Canada and Australia are examples of countries that impose departure taxes. The departure tax is based on gains that accrued while the person was a tax resident of the country. In practice, for Australia and Canada, this means that the departure tax is payable only on gains that accrued while the person was living in the country.
The United States imposes an exit tax that is triggered by renouncing U.S. citizenship. In practice, this primarily affects U.S. citizens who are living in other countries. Hence, the United States exit tax is paid primarily on gains accrued when the person was not living in the United States but was living in another country. Before you rush to apply for the U.S. EB-5 program, understand that the United States also imposes exit taxes on green card holders who are long-term residents, meaning that they have been permanent residents for eight of the last 15 years.
Point 7: Be aware that departure taxes create the possibility of double taxation
Departure and exit taxes have the potential to subject an individual to double taxation. For example, an asset can be subject to a deemed capital gains tax when one severs tax residency with one country and could later be subject to an actual capital gains tax when the person is a tax resident of another country.
It is becoming increasingly common for tax treaties to provide relief against this kind of double taxation.
Point 8: Investigate how tax treaties might be used to mitigate the impact of exit/departure taxes
This is a complex topic that is addressed by an increasing number of tax treaties. The general principle is that the individual should not be taxed twice on the same gain. Double taxation may be prevented when the individual moves from one country to another country and the two countries have a tax treaty with each other. The treaty may operate so that if the first country imposes a deemed capital gains tax on an asset, the second country would impose a capital gains tax based only on the gain that accrued when the person was a tax resident of the second country. An example of this kind of “departure tax mitigation provision” is in Article VII of the Canada-U.S. tax treaty.
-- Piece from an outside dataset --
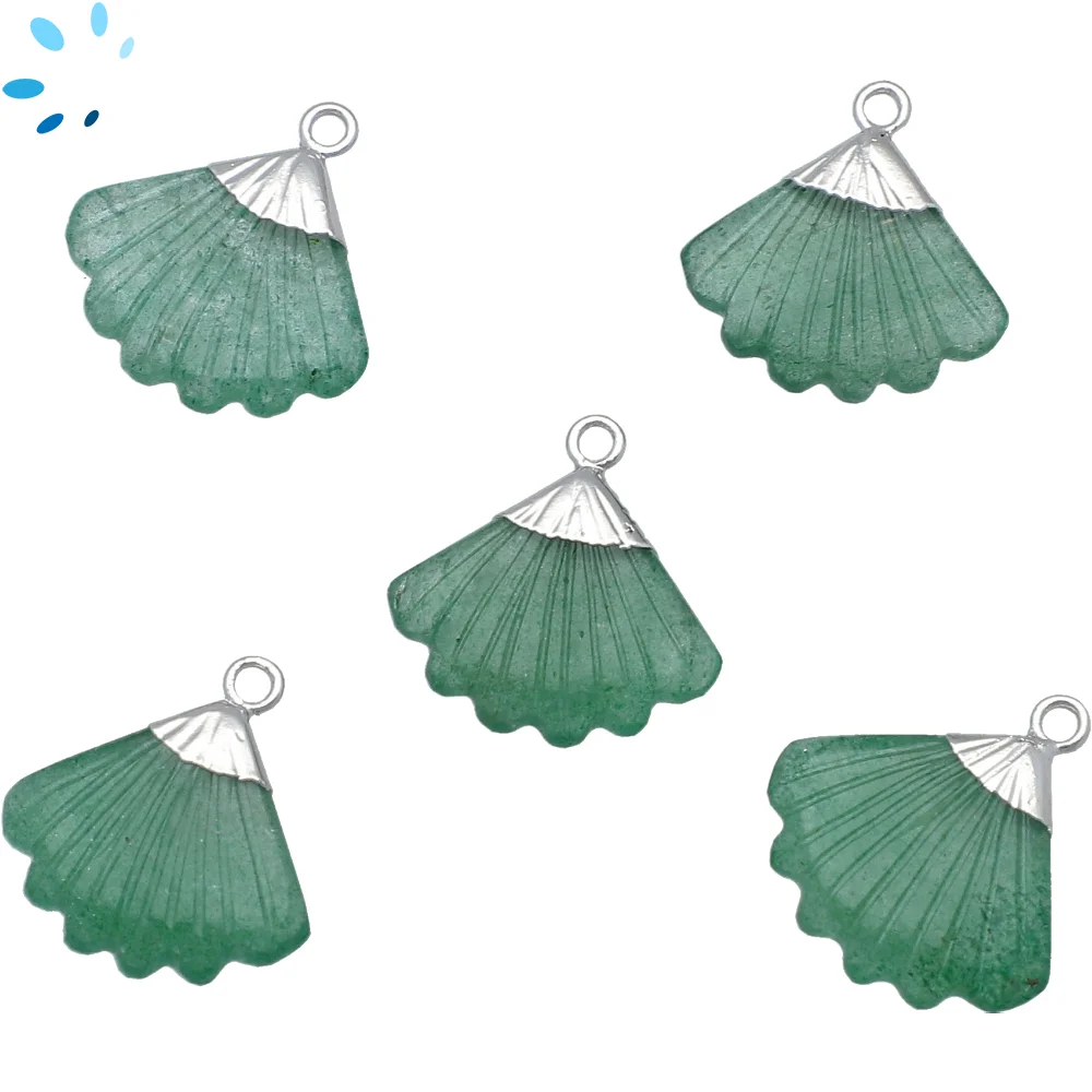 Green Aventurine Fan Pendant Charm 19x17mm Platinum Electroplated - Set of 2

As global mobility increases, the number of departure tax mitigation provisions is also sure to increase.
Point 9: Engage in pre-immigration planning
If you acquire tax residency in a new country, your existing assets may become “foreign assets.” How will those assets be taxed by the new country? Many people move to a new country and leave assets (financial and other) in the old country. From the perspective of the new country, any assets retained in the old country will be considered foreign. Many countries, the United States in particular, impose punitive reporting and taxation on foreign assets. This comes as a surprise to a great many people.
Point 10: Understand your life as a new tax resident
What are the reporting requirements that may exist? Few people move to a new country and sever all ties with their previous home country. Often, they will retain bank and brokerage accounts. They may retain pensions and may have trusts. Some people own shares in small business corporations. You must investigate what reporting requirements may exist. The United States and Canada are examples of countries that have strict penalty-laden rules that require one to report all foreign assets.
To be forewarned is to be forearmed
In a world of global mobility, you are advised to invest in sound tax advice before your move while you are living in your new country and when you decide to move from that new country. It’s not what good advice will cost you; It’s what good advice will save you.